Os profissionais de saúde foram sendo recrutados nos hospitais públicos, em regime de acumulação, garantindo assim uma boa qualidade dos prestadores , sem quaisquer custos de formação e actualização profissional. Para mais, os problemas clínicos mais complexos e onerosos, não rentáveis, continuaram a ser enviados para os hospitais do SNS.

No caso das maternidades foi-se assistindo à sua degradação levando a que tenhamos chegado aos dias de hoje com as duas maternidades existentes na cidade em profunda decadência.

Sem pretensões de vidente, desde há muito que fui escrevendo sobre esta questão, e sobre o problema da localização de uma nova maternidade, que era anunciado ficaria resolvido até finais de 2013.

O que, para mim, estava em causa era pensar uma nova maternidade com adequadas instalações e todas as mais modernas tecnologias.
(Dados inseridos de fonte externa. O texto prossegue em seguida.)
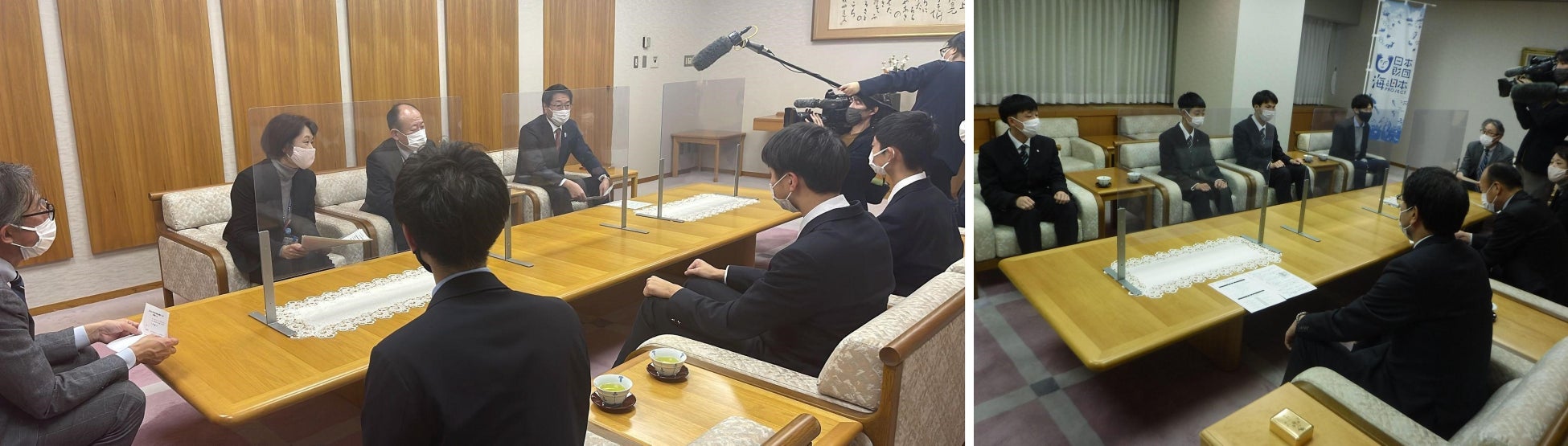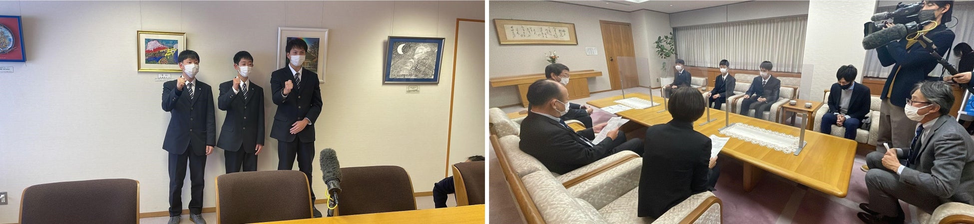 2022年7月10日に行われた『スポGOMI甲子園2022・新潟県大会』で優勝した高志中等教育学校(新潟県新潟市、校長:灰野仁)在校生3人組の「チャンクbyチャンク」が、大会での成果を報告するため新潟県中原八一市長を表敬訪問しました。

Complementarmente teria de ser uma maternidade que considerasse a cidade e ajudasse a construir uma cidade melhor evitando os dramas que se vivem nos HUC e no Polo da Saúde da Universidade, em termos de acessibilidades e de espaços envolventes.

Neste sentido o entendimento da sua construção no campus do Hospital dos Covões aparecia como a melhor solução, terrenos públicos, espaço agradável e proximidade com um hospital central que lhe poderia dar apoio.
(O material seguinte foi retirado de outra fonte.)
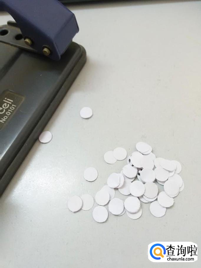先用打孔器压出许多白色的圆形,当作白色的小星星。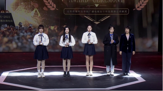 活动中,社会传媒一线的广播电视台各届学生干部代表作为见证者、践行者与推动者向我们讲述了他们和广播电视台的故事。参会领导为十年最佳栏目和突出贡献个人颁发了奖杯和证书。

Mas esta ideia não podia ser aceite, como rapidamente percebi, porque a questão de fundo era centralizar tudo no espaço dos HUC dado que os Covões estavam destinados a desaparecer mais tarde ou mais cedo e construir lá uma nova maternidade era dar-lhe um indesejável alento.

Portanto a estratégia seguida, mormente pelos responsáveis locais da saúde, de todas as áreas, temerosos de que lhes fugisse qualquer poder simbólico e real, era a centralização a todo o custo e esse foi o guião base de uma narrativa técnica e de gestão que acabou por aprisionar o Ministério da Saúde.

Assim, num espaço limitado e envolvido por uma complexa rede de cuidados hospitalares, onde inegáveis bons serviços serão prestados mas onde também sobram bactérias multi-resistentes e outros problemas que, à partida, deveriam estar longe de qualquer berço, vão ser feitos partos, mas não vamos ter qualquer nova Maternidade.

O projecto de uma nova Maternidade em Coimbra está intimamente ligado ao futuro do Hospital dos Covões, e o que seria desejável, a bem de Coimbra, da Região e estou certo da Saúde, era termos nos Covões a nova Maternidade Professor Mário Mendes, junto do Hospital António Arnaut e não um aborto que nos irá envergonhar e diminuir no futuro.